短期集中web連載! 手だれの文章家・永江朗が広辞苑を読んで見つけた自然を表す言葉の数々をエッセイに綴ります。

にしざかな【螺肴・西肴】

2013年03月23日 | な行
蓬莱のこと。初春の祝儀にもちいる。一説に、ニシはタニシあるいはニシン。

「蓬莱」の項を見ると、正月の飾りのことらしい。三方の上に白米を盛って、さらに山海のものをいろいろと飾る。飾ったのは、たとえば熨斗鮑(のしあわび)、伊勢海老、勝栗、昆布、野老(ところ)、馬尾藻(ほんだわら)、串柿、裏白(うらじろ)、譲葉(ゆずりは)、橙、橘などとある。野老も、馬尾藻も、裏白も、譲葉もわからないので、それぞれの項目を読んでみる。野老というのはヤマノイモ科の蔓性多年草だそうだ。イラストも載っている。馬尾藻は「海産の褐藻」だそうだ。「古来、新年の飾物、食用、肥料として用い、また焼いて加里を採る」とも書いてある。裏白はシダ。譲葉は常緑の木で、「新しい葉が成長してから古い葉が譲って落ちるので、この名がある」のだそうだ。

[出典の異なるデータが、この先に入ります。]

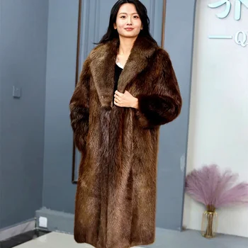 • Women's Long V-Neck Beaver Fur Coat Soft Full Length Beaver Mink Coat Cozy Women's Fashionable Outerwear Custom Service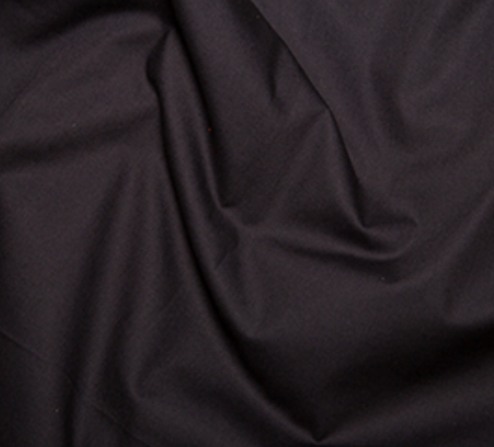 Plain black 100% cotton, wash at 30 degrees and no not tumble dry.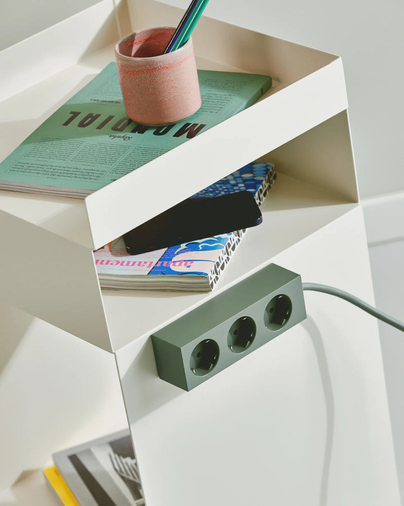Power Bar is a power strip with 3 outlets and a flexible 2-meter-long cable with an exclusive matte finish. Power Bar is equipped with strong magnets that snaps to your Pedestal or other magnetic surfaces.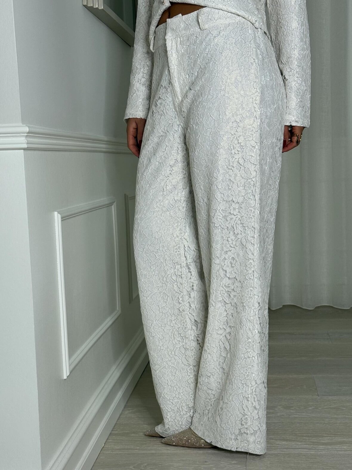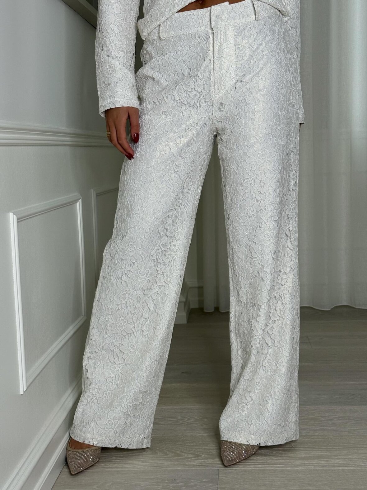 Elegante hvide blondebukser med smuk struktur og let vidde, der skaber et feminint og sofistikeret udtryk. Den bløde pasform og eksklusive blonde gør dem perfekte til både festlige anledninger og stilfulde hverdagslooks. Match dem med tilhørende blondejakke for et tidløst, luksuriøst sæt fra Buch Copenhagen.

『広辞苑』の「譲葉」のページを読んでいて「おや?」と思った。ぼくの家の庭にある木、これは譲葉ではないか? ネットで画像を探すと、まさしくこれ。何という木だろうと思っていたのだけれども、これで疑問が解決した。その葉の落ちかたから、世代交代、子孫繁栄、家名永続のシンボルらしい。おめでたい木だったのですね。

なみのかよいじ【波の通い路】

2013年03月22日 | な行
波の上を通うみち。ふなじ。

 味のある言葉だ。航路ということだろうか。船が通ったあと、しばらくは波のあいだにその軌跡が残っている。まるで海の表面に線を引いたようになる。海水は不定形なものなのに、跡が残るというのが不思議だ。

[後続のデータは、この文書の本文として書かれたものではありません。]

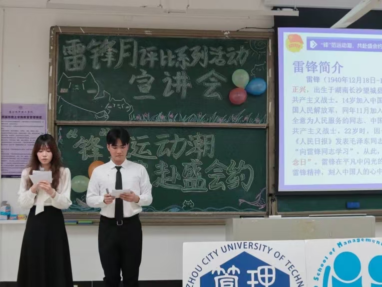 20日,学院团委在A5-201召开雷锋月评比系列活动宣讲会。宣讲会旨在深入讲解雷锋精神的深刻内涵及全运会的相关知识和意义,动员同学们参加线上体育知识竞赛和线下趣味运动项目,此次宣讲会师生共计150余人参加。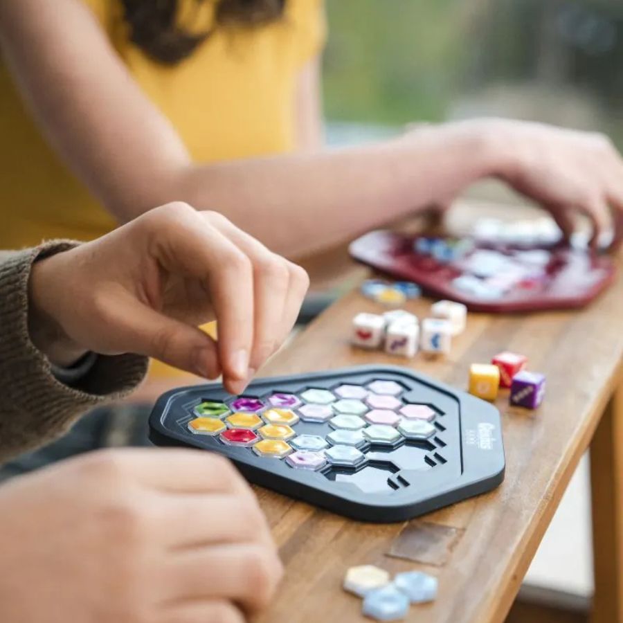 With 5 levels of difficulty and over 10,000 possible puzzle combinations, Genius Gems keeps kids and adults engaged while sharpening concentration, flexible thinking, and spatial insight.
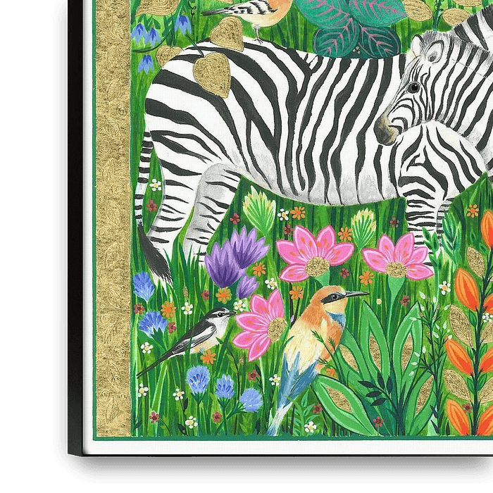 Giraffe and Zebras Amidst Vibrant Flora and Birds by Isabelle Brent

『広辞苑』には、「波の」ではじまるきれいな言葉がたくさん載っている。

「波の綾」は「波でつくられる水面の文様」のこと。さざ波が綾織物のように見えることから、こういう。

 同じく波紋でも、「波の皺」といういい方がある。しかもこちらは「年老いて皮膚にできる皺」の意味もあるから要注意だ。たとえばひそかに加齢を気にしている人と海辺でデートしていて、「波の皺がきれいですね」なんていうと、「私って、そんなに皺が目立つかしら」とショックを与えたりして。

「波の標(なみのしめ)」は「波を、張り渡した標にたとえていう語」とある。「標(しめ)」はしめなわや、土地の境界を示すために杭を打って縄を張ったもの。白い波頭はしめなわに見えなくもない。

「波の鼓」は波の音。

なつうたうものはふゆなく【夏歌うものは冬泣く】

2013年03月21日 | な行
暑い夏、働かずに歌い暮すものは、冬になって飢えと寒さとに泣く。

 まるで「アリとキリギリス」みたいな諺だ。それとも、イソップ物語の「アリとキリギリス」をヒントに、この諺ができたのだろうか。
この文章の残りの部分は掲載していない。